» Task material:
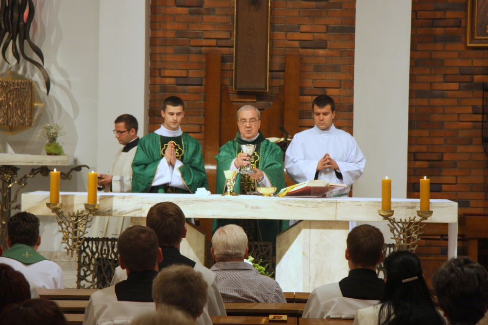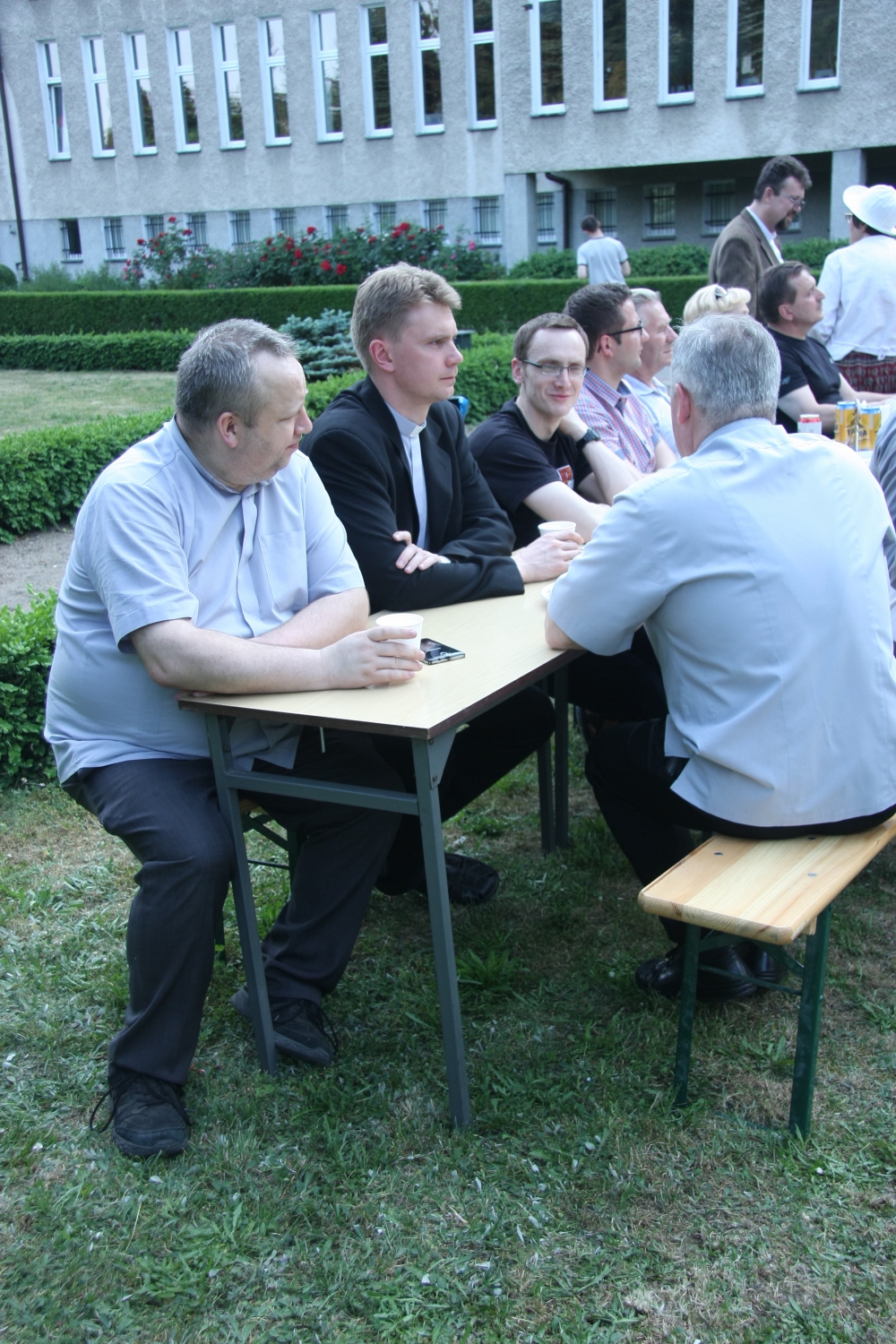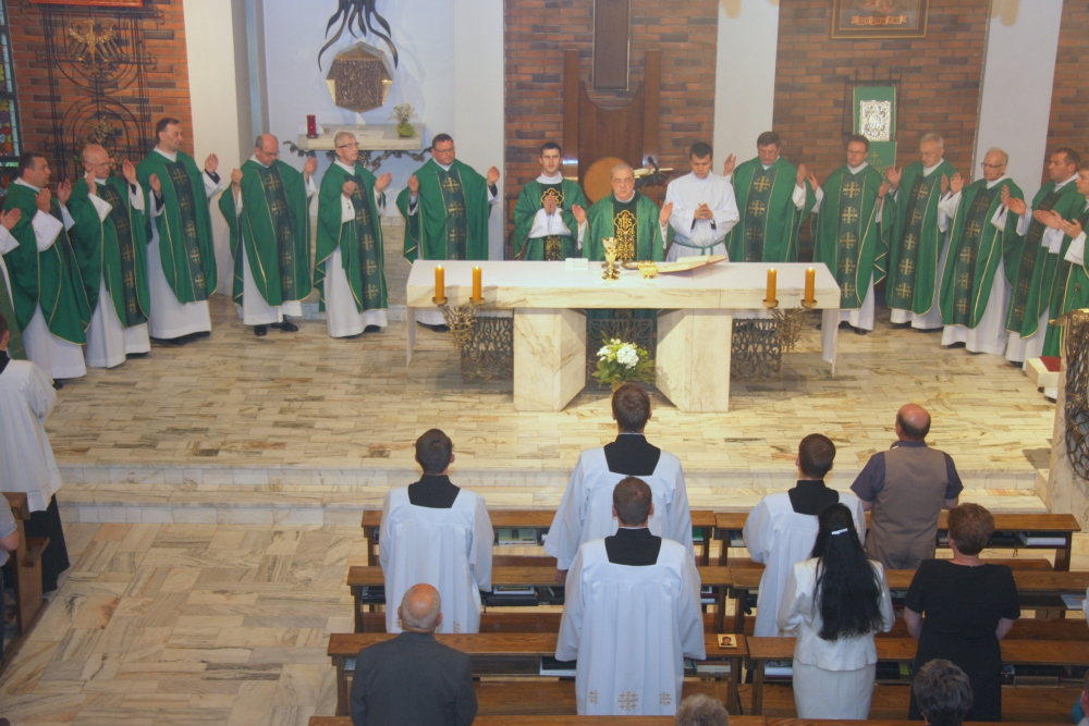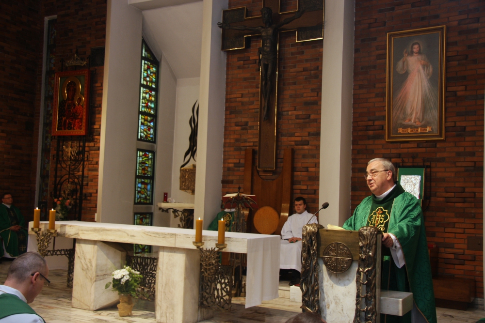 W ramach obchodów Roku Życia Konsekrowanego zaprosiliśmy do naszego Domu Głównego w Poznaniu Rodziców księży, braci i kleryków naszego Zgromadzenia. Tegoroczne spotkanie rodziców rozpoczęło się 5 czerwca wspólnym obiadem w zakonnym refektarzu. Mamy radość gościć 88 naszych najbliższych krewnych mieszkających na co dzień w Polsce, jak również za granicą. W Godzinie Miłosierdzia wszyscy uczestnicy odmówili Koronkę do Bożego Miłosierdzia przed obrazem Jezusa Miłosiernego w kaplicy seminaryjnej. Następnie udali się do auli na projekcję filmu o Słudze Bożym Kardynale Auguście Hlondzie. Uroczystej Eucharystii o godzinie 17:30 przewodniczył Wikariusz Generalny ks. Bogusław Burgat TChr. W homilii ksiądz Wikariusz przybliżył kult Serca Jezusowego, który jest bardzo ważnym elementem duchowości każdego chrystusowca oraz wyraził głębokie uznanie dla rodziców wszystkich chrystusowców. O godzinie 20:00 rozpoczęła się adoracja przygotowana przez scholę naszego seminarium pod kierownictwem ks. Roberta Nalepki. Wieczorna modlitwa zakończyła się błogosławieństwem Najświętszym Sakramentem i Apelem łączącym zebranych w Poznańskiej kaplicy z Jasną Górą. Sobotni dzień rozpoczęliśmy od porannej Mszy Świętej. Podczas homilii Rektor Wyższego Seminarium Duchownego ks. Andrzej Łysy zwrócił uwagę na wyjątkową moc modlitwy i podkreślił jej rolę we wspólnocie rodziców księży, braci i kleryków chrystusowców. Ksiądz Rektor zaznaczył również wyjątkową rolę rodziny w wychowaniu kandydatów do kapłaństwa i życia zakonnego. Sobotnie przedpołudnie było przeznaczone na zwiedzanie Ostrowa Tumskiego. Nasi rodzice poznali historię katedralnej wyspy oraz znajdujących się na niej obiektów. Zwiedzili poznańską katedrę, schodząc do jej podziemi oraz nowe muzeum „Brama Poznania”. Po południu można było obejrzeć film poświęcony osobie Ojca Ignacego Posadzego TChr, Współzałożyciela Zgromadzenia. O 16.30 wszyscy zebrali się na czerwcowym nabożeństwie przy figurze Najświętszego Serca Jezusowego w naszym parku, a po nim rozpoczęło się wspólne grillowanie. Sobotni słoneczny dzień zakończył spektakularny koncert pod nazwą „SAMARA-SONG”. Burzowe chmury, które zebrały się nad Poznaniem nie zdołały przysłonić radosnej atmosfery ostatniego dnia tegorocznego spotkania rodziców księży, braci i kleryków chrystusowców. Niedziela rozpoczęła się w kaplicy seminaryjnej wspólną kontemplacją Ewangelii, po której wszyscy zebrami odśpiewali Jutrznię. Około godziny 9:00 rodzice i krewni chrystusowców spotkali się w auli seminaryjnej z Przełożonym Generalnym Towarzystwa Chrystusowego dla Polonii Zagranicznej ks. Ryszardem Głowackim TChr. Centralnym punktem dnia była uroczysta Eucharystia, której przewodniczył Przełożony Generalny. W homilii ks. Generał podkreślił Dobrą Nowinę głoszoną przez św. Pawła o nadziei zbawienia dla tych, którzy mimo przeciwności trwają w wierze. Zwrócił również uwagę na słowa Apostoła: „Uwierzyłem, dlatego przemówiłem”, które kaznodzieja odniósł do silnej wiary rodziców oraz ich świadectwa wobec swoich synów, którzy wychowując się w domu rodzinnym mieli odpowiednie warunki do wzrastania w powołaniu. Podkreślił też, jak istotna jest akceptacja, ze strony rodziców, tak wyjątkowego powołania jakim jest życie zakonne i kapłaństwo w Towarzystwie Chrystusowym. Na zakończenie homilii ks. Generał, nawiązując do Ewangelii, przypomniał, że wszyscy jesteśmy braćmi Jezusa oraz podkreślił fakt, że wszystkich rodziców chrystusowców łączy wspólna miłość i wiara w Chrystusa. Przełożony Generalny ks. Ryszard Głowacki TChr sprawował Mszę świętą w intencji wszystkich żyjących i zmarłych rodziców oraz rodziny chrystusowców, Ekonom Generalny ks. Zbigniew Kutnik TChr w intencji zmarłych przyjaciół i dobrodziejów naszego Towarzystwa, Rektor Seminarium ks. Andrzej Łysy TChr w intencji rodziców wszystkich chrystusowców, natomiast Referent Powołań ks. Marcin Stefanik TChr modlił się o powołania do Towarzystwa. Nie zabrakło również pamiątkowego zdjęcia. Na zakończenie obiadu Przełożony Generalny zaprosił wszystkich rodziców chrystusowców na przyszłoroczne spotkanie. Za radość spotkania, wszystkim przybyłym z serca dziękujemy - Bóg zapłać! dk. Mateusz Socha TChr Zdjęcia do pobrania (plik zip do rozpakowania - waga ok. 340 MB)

...

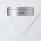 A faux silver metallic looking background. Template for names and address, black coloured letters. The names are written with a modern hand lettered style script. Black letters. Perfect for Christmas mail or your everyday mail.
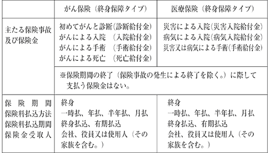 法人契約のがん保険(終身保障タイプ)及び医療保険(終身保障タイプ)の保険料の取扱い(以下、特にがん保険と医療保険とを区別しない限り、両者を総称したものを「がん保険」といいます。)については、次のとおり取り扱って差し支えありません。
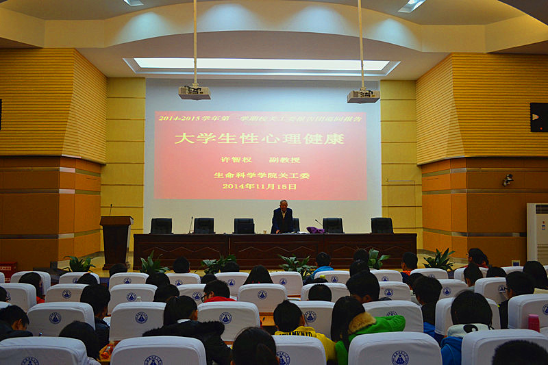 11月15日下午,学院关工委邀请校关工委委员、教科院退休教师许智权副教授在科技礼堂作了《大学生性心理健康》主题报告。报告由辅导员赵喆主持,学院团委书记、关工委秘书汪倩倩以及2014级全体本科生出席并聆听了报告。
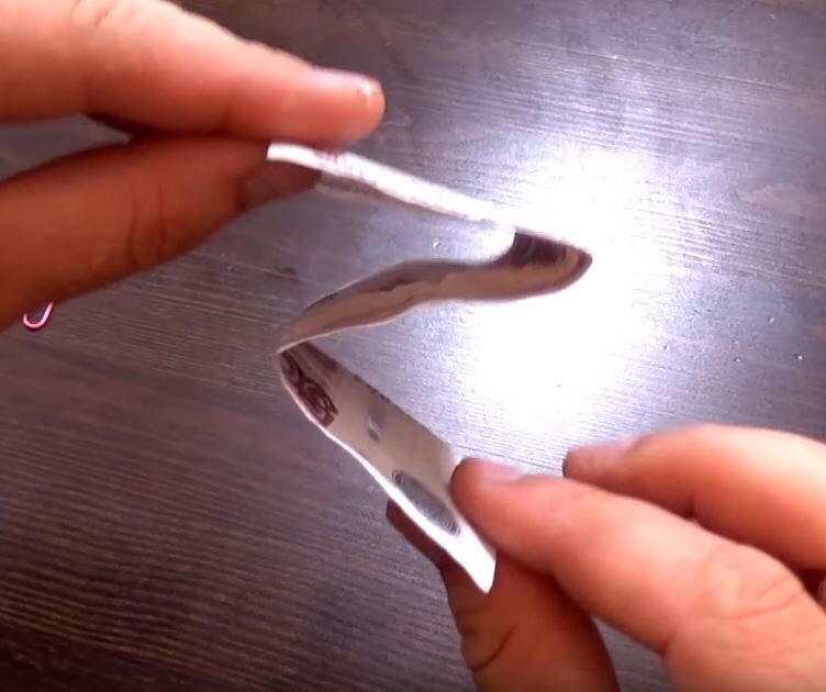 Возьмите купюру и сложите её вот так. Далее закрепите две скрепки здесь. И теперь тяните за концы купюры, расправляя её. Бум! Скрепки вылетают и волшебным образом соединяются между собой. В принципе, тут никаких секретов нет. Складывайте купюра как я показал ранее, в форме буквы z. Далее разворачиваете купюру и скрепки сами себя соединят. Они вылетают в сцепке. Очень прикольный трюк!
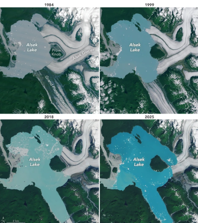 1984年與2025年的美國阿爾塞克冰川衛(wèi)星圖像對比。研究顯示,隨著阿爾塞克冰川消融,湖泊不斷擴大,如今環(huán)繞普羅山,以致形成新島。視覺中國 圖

» Task to carry out:
Starting at the line above that contains "11月15日下午,学院关工委", transcribe every line exactly through the line that contains "1984年與2025年的美國", including that last one, and skip the pictures.

» Written solution:
 11月15日下午,学院关工委邀请校关工委委员、教科院退休教师许智权副教授在科技礼堂作了《大学生性心理健康》主题报告。报告由辅导员赵喆主持,学院团委书记、关工委秘书汪倩倩以及2014级全体本科生出席并聆听了报告。
 Возьмите купюру и сложите её вот так. Далее закрепите две скрепки здесь. И теперь тяните за концы купюры, расправляя её. Бум! Скрепки вылетают и волшебным образом соединяются между собой. В принципе, тут никаких секретов нет. Складывайте купюра как я показал ранее, в форме буквы z. Далее разворачиваете купюру и скрепки сами себя соединят. Они вылетают в сцепке. Очень прикольный трюк!
 1984年與2025年的美國阿爾塞克冰川衛(wèi)星圖像對比。研究顯示,隨著阿爾塞克冰川消融,湖泊不斷擴大,如今環(huán)繞普羅山,以致形成新島。視覺中國 圖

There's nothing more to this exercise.